What the task asks: Copy nothing before the line that contains "ANTONIO MELANI Rose"; from there, transcribe each line exactly through the end of the material, omitting pictures.

Data shown:
::::::

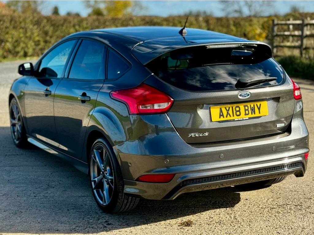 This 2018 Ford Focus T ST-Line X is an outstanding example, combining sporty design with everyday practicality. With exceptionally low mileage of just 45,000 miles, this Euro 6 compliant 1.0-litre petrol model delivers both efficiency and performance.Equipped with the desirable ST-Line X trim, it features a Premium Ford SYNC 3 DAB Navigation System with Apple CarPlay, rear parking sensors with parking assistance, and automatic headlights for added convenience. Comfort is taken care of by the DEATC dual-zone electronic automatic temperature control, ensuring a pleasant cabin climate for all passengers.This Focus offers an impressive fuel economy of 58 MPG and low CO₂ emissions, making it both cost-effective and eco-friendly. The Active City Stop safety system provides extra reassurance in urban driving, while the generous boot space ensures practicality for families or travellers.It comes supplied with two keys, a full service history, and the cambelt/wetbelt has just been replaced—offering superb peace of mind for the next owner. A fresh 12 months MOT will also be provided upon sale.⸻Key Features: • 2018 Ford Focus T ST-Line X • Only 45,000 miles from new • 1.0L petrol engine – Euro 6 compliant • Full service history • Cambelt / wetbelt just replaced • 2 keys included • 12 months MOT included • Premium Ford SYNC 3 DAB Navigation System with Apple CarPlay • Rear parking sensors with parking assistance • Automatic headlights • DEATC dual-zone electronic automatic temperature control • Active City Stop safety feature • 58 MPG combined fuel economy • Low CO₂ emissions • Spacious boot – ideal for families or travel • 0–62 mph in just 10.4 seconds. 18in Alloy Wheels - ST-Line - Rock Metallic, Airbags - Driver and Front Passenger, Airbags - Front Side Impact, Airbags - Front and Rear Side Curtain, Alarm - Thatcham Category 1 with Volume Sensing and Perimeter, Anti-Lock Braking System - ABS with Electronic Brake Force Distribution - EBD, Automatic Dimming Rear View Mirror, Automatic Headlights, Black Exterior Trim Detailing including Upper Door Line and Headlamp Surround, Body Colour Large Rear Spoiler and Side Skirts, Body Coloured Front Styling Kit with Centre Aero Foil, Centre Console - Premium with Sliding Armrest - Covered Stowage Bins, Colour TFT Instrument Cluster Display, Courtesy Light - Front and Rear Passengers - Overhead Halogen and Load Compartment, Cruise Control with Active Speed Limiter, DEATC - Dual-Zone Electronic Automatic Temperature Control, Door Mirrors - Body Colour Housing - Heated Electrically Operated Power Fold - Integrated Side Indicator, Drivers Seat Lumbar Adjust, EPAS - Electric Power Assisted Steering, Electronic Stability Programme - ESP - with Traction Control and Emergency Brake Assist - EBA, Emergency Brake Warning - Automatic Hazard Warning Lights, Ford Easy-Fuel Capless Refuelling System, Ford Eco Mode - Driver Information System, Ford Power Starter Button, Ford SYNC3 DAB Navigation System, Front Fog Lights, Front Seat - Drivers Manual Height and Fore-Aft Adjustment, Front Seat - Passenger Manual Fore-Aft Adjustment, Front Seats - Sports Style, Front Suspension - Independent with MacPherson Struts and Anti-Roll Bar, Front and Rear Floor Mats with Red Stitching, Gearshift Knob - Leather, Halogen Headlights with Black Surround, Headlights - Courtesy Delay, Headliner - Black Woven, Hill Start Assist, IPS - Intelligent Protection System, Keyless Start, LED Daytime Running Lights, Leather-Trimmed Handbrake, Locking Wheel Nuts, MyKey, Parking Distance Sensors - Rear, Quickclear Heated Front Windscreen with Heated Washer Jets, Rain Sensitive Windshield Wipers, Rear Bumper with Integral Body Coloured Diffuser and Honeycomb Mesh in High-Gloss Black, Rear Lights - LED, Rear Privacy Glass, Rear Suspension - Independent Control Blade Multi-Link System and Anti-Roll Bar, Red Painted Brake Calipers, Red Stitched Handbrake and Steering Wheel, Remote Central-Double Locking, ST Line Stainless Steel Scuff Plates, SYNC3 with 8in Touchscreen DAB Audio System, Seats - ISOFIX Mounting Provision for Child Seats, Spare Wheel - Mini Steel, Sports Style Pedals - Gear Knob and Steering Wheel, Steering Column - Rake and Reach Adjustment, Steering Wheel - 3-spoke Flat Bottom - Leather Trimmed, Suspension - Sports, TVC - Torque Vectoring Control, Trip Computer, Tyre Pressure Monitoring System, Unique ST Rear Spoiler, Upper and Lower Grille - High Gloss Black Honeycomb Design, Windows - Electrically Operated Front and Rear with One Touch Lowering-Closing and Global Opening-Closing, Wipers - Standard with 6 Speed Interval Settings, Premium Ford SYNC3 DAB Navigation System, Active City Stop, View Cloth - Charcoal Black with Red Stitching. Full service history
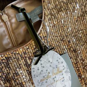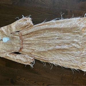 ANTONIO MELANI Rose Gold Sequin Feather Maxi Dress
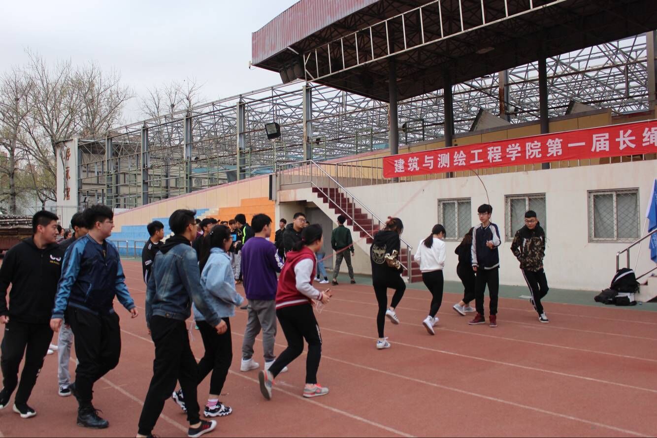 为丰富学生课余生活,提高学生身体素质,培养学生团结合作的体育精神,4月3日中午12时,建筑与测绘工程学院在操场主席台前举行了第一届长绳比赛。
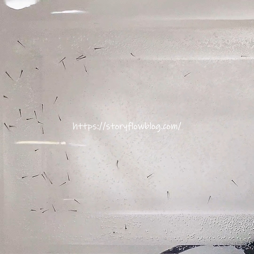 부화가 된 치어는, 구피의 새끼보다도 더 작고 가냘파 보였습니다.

::::::

Result of this exercise:
 ANTONIO MELANI Rose Gold Sequin Feather Maxi Dress
 为丰富学生课余生活,提高学生身体素质,培养学生团结合作的体育精神,4月3日中午12时,建筑与测绘工程学院在操场主席台前举行了第一届长绳比赛。
 부화가 된 치어는, 구피의 새끼보다도 더 작고 가냘파 보였습니다.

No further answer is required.